Peki, o zaman biz, nasıl bir medenî toplum olacağız da
sorunlarımızı uhûlet ve suhûletle istişâre ederek çözeceğiz? Biz daha
birbirimizle konuşmayı dahi beceremiyoruz ki… Biz daha konuşma ve tartışma
âdâbını öğrenememişiz ki… Bizim, farklı görüş ve düşüncelere tahammülümüz
kalmamış ki… Biz daha birisi konuşurken dinlemeyi ve onun konuşmasına saygı göstermeyi
öğrenememişiz ki… Biz daha konuşma ve fikir beyan etme adâletini ve hürriyetini
(muhatabın da görüşlerini beyan etmesine izin verme) öğrenememişiz ki… Biz daha,
doğru düşünce ve fikirlere “Evet, doğru söylüyorsunuz” demeyi
öğrenememişiz ki… Biz daha, “Ben bu konuda yanlış biliyormuşum, yanıldım,
özür dilerim” demeyi öğrenememişiz ki… Biz daha, doğruyu söyleyene
nefsimizi ve gururumuzu yenerek teşekkür etmeyi beceremiyoruz ki…

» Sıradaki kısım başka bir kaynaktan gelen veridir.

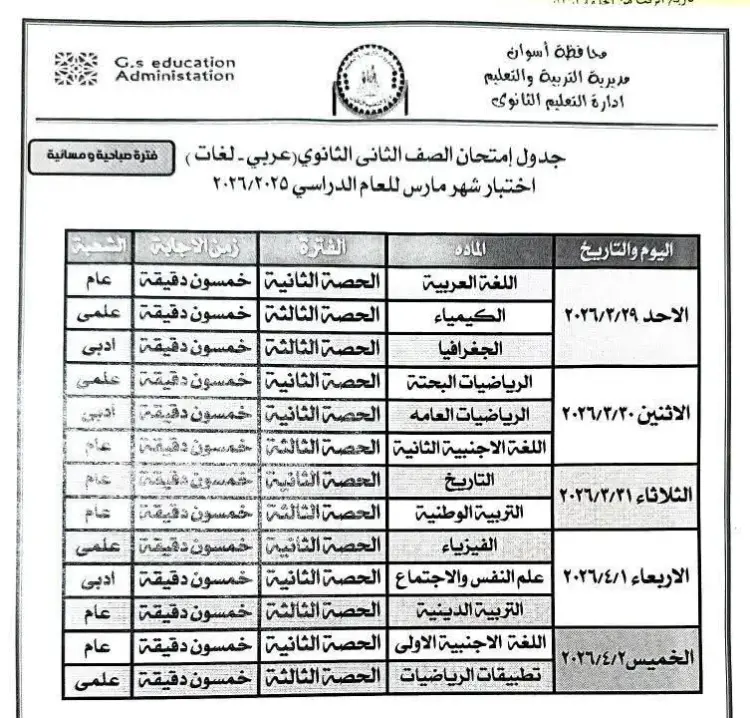 جدول امتحانات شهر مارس للصف الثاني الثانوي 2026 لجميع الشعب بمحافظة أسوان

Biz daha bu ülkede ilmin ve âlimin kıymetini hakkıyla
teslim etmeyi bilmiyoruz ki… Biz daha bu ülkede bilgi üreten bilim insanlarının
hakkını tam olarak vermiyoruz ki… Biz daha bu ülkede düşünce ve fikir üreten
mütefekkir ve münevverlere gereken saygıyı göstermiyoruz ki… Biz daha bu toplumda
“Oku!” emr-i İlâhîsinin mânâ, maksat, murat ve hikmet boyutunda ne
anlama geldiğini hakkıyla kavrayıp çözememiş ki…
İşte bundan dolayı İslâm’ın saçla sarıkla, kılla sakalla
işinin olmadığını bir türlü anlayamamışız. İşte din anlatan ve din satanların “İslâm”
denilince akıllarına bunlar gelirse, tabiî ki Allah’ın “hayat” kitabı
olan Kur’ân, “mehcûr” kalacaktır.
Sözün özü
Birileri “hakkı ve hakikati savunmaktan”, sadece ve
sadece kendi parti liderlerini, kendi partilerini, kendi cemaat ve tarikat
lider ve şeyhlerini, kendi mezhep ve meşreplerini, kalıplaşmış kendi ideolojik yapılarını
“körü körüne savunmak” olarak anlıyor ve algılıyor.
İşte toplumumuzun temel sorunu budur! Bu sorun, “Gordion’un kör düğümü” gibidir. Çözebilene aşk olsun!